[Start of section]

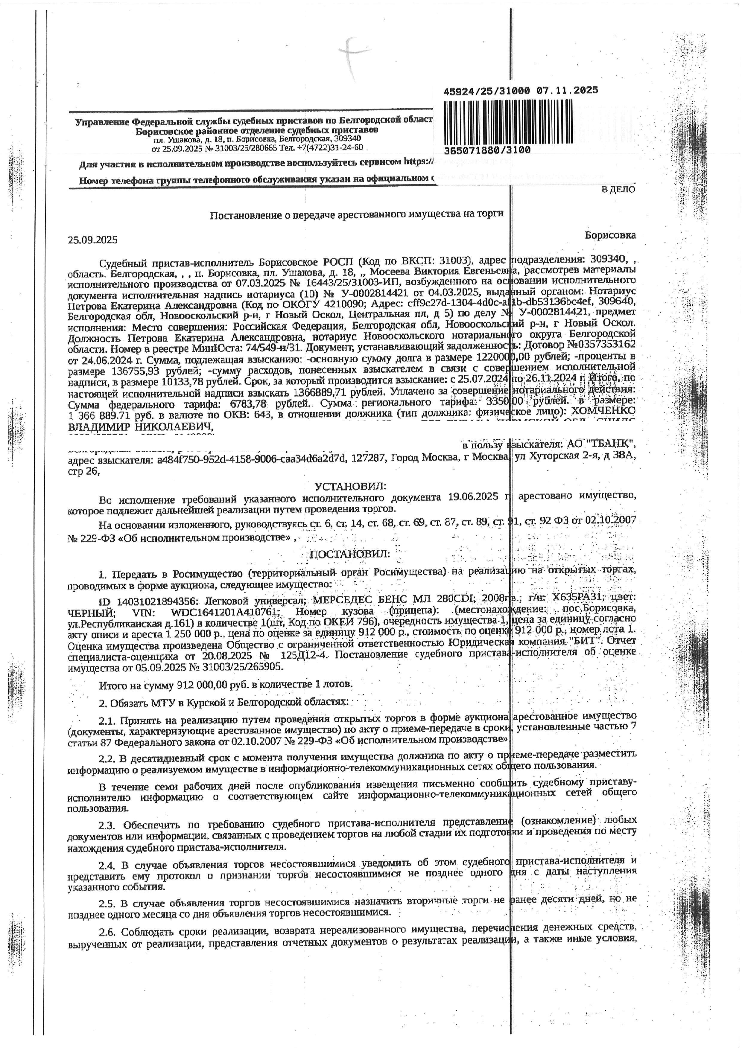 Автомобиль легковой универсал МЕРСЕДЕС БЕНС МЛ 280CDI, 2008 года выпуска, государственный номер Х635РА31, идентификационный номер (VIN) WDC1641201A410761, номер кузова (кабины) WDC1641201A41076, цвет кузова (кабины) ЧЕРНЫЙ, рабочий объем (см³) 2987, мощность (кВт/л.с.) 139/190. Наличие повреждений: внешние повреждения отсутствуют. Имущество обременено: арест, залог (АО «ТБанк»), запрещение регистрации. Взыскатель: АО «ТБанк». Имущество принадлежит на праве собственности Хомченко В.Н. Основание реализации: исполнительная надпись нотариуса № У-0002814421 от 04.03.2025
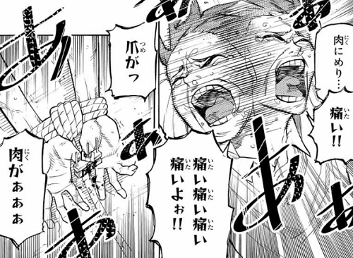 「爪くらいで音を上げるか」と円比呂は叫びますが、こいつがそんなに我慢強いとも思えません。
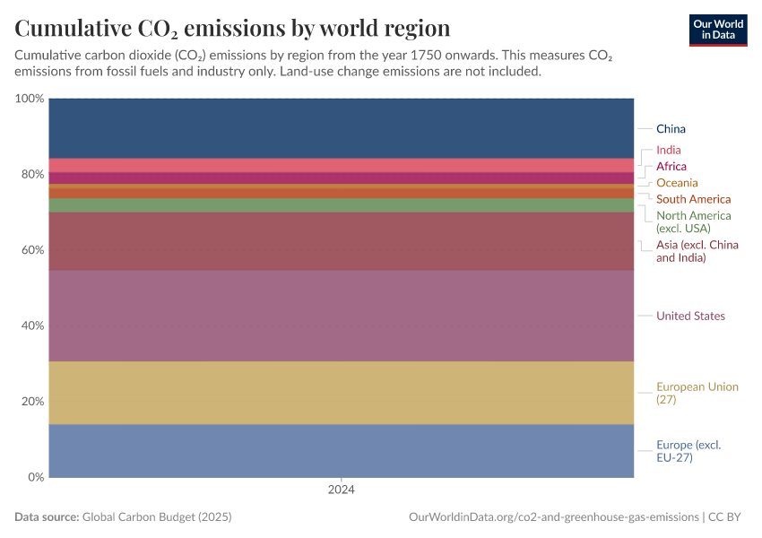 Global Carbon Budget (2025) – with major processing by Our World in Data. “Cumulative CO₂ emissions by world region” [dataset]. Global Carbon Project, “Global Carbon Budget v15” [original data]. Retrieved December 13, 2025 from https://archive.ourworldindata.org/20251204-133459/grapher/cumulative-co2-emissions-region.html (archived on December 4, 2025).
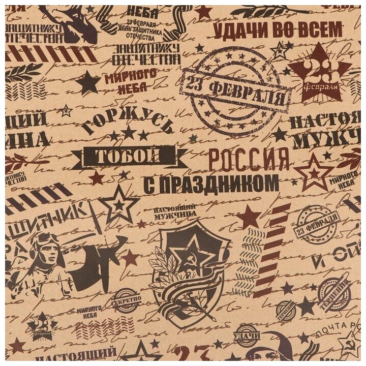 Бумага упаковочная, крафт "Горжусь тобой", 70х100 см, 1 лист 9306023 информация:
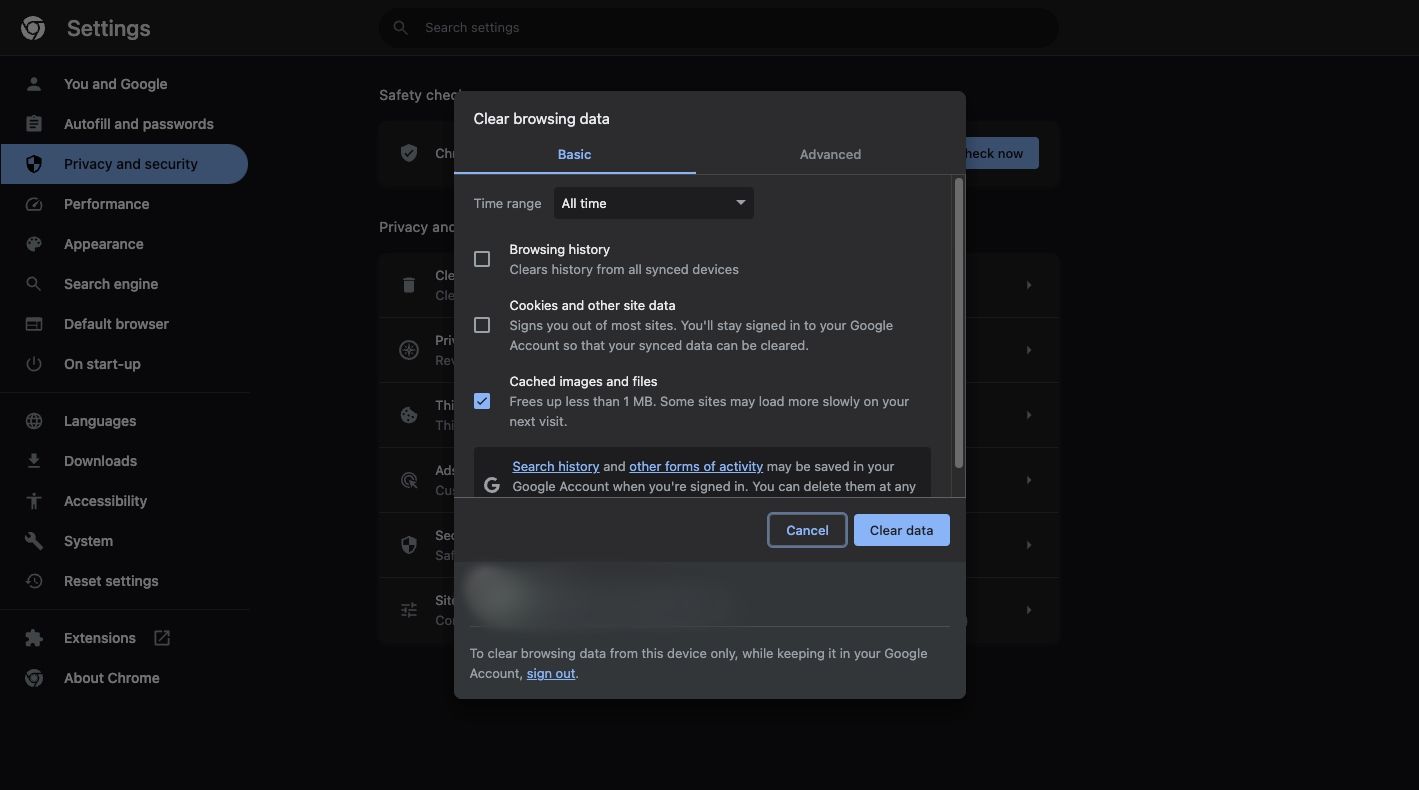Hapus centang semuanya kecuali Gambar dan file yang disimpan dalam cache, lalu klik Hapus Sekarang.
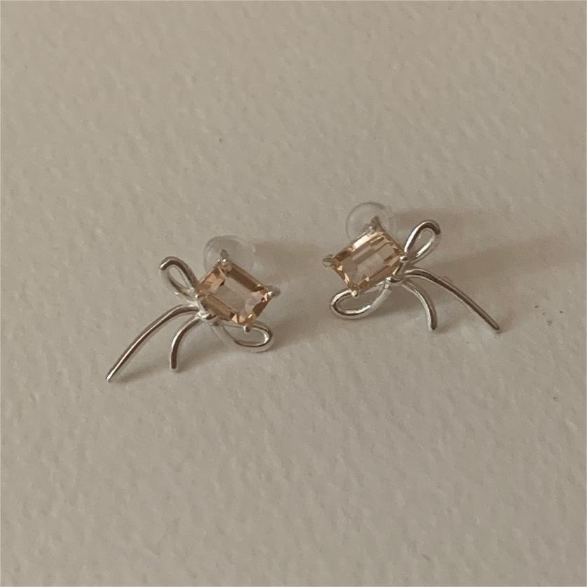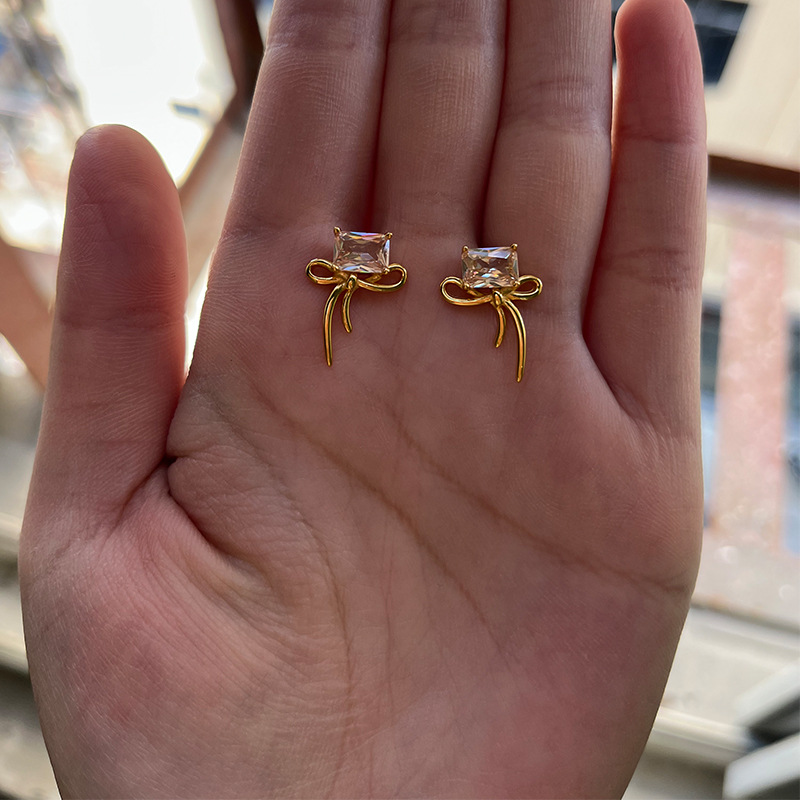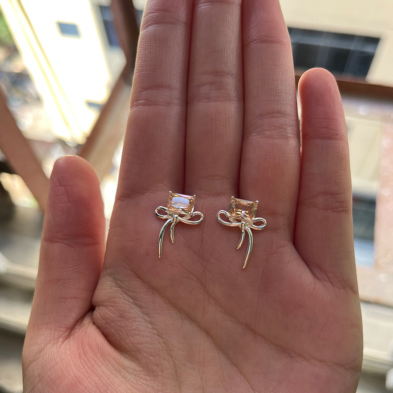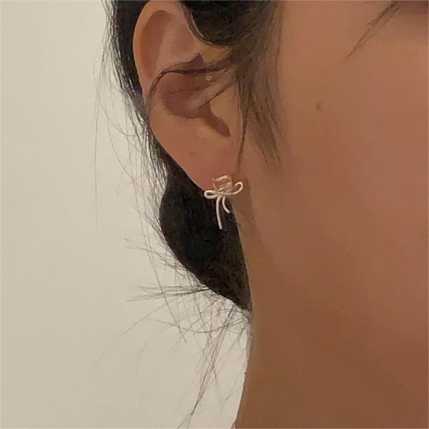 S925 Sterling Silver Bow Ear Studs Earrings Simple Cold Style Temperament Ins Style Zircon Korean Korean Earrings
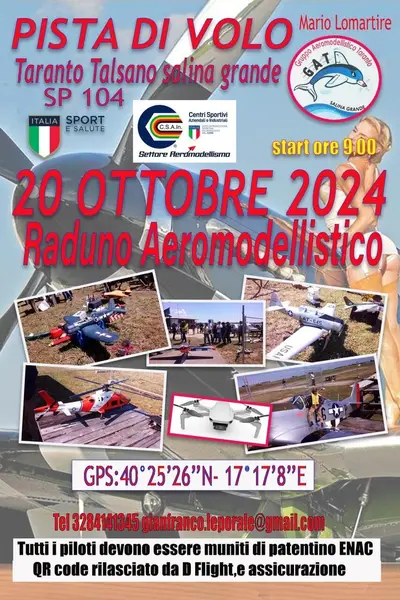Domenica 20 ottobre 2024, nella pista del GAT di Talsano (Salina Grande), si terrà il consueto raduno annuale di aeromodellismo dinamico,...

[End of section]

The result should be the material above, unchanged and free of pictures; please print it.

**Solution to this exercise:**
 Автомобиль легковой универсал МЕРСЕДЕС БЕНС МЛ 280CDI, 2008 года выпуска, государственный номер Х635РА31, идентификационный номер (VIN) WDC1641201A410761, номер кузова (кабины) WDC1641201A41076, цвет кузова (кабины) ЧЕРНЫЙ, рабочий объем (см³) 2987, мощность (кВт/л.с.) 139/190. Наличие повреждений: внешние повреждения отсутствуют. Имущество обременено: арест, залог (АО «ТБанк»), запрещение регистрации. Взыскатель: АО «ТБанк». Имущество принадлежит на праве собственности Хомченко В.Н. Основание реализации: исполнительная надпись нотариуса № У-0002814421 от 04.03.2025
 「爪くらいで音を上げるか」と円比呂は叫びますが、こいつがそんなに我慢強いとも思えません。
 Global Carbon Budget (2025) – with major processing by Our World in Data. “Cumulative CO₂ emissions by world region” [dataset]. Global Carbon Project, “Global Carbon Budget v15” [original data]. Retrieved December 13, 2025 from https://archive.ourworldindata.org/20251204-133459/grapher/cumulative-co2-emissions-region.html (archived on December 4, 2025).
 Бумага упаковочная, крафт "Горжусь тобой", 70х100 см, 1 лист 9306023 информация:
Hapus centang semuanya kecuali Gambar dan file yang disimpan dalam cache, lalu klik Hapus Sekarang.
 S925 Sterling Silver Bow Ear Studs Earrings Simple Cold Style Temperament Ins Style Zircon Korean Korean Earrings
Domenica 20 ottobre 2024, nella pista del GAT di Talsano (Salina Grande), si terrà il consueto raduno annuale di aeromodellismo dinamico,...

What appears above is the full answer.